Strona:Dzieła dramatyczne Williama Shakespeare T. 2.djvu/257

Z Wikiźródeł, wolnej biblioteki
Ta strona została uwierzytelniona.

Służba.  Dziesiąta milordzie.
Gloucest.  Właśnie godzina, o której mam czekać
Przybycia mojej księżnej ukaranej.
Jak ostrą będzie dla nóg delikatnych
Krzemiennych ulic kamienna posadzka!
Moja Nell droga, jak gorzkie ci będą
Wzgardliwych tłumów ciekawe spojrzenia
Na twe oblicze z szyderstwem zwrócone!
Uśmiechy ludzi na twe poniżenie,
Którzy przed chwilą za twym biegli wozem
Przelatującym w tryumfie ulice!
To ona!
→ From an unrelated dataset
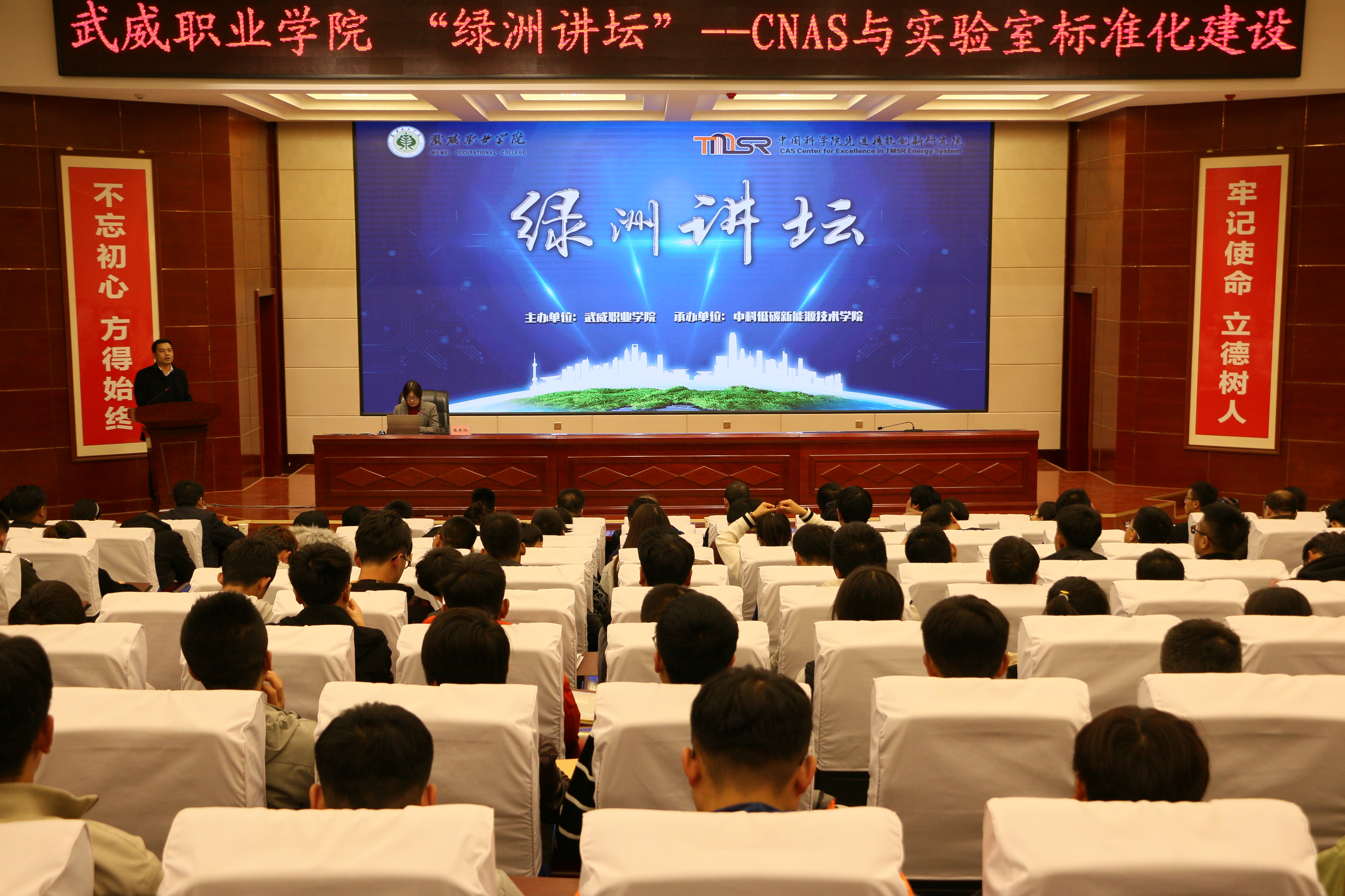 11月22日,武威職業(yè)學院“綠洲講壇”第30期在學院菁英廳舉行,本期活動邀請到中科院上海應用物理研究所研究員、全國專業(yè)標準化技術委員會委員陸燕玲博士作主題為“CNAS與實驗室標準化建設”的報告。學院各系實驗室管理員、實驗課任課教師及中科低碳新能源技術學院師生代表共220人聆聽了報告。本期講壇由能源工程系副主任黃述杰主持。

Czas już przygotować oczy,
Łzami przyćmione na cierpień jej widok.

(Wchodzi księżna Gloucester w białej osłonie, z papierem przypiętym na plecach, bosą nogą, z płonącą pochodnią w ręku, z nią sir John Stanley, szeryf i oficerowie).

Służba.  Chcesz, panie? Z rąk ją szeryfa wyrwiemy.
Gloucest.  Uchowaj Boże! Niech w pokoju przejdzie.
Księżna.  Czyś przyszedł, mężu, na hańbę mą patrzeć?
Ah, i dla ciebie jest to czas pokuty!
Tłum odurzony palcem cię wytyka,
Kiwając głową, mierzy cię oczyma.
Przed nienawistnem skryj się ich spojrzeniem,
W twojej komnacie płacz nad twoją hańbą,
Przeklinaj wspólnych naszych nieprzyjaciół!
Gloucest.  Cierpliwość, droga! Zapomnij tych smutków.
Księżna.  Ah, samej siebie naucz mnie zapomnieć,
Bo gdy pomyślę, żem żoną jest twoją,
Żeś ty jest księciem, Anglii protektorem,
Jak nie mam myśleć, że nie należało
Z taką mnie hańbą po ulicach wodzić,
Z kartą na plecach, wśród tłumów pospólstwa,
Które z radością na łzy moje patrzą,
I moich westchnień słuchają z przekąsem.
Krzemień me nogi rani delikatne,
A gdy się wzdrygnę, lud śmiejąc się woła,
Abym ostrożniej stąpała po bruku.
Ah, mogęż dźwigać, hańbiące to jarzmo?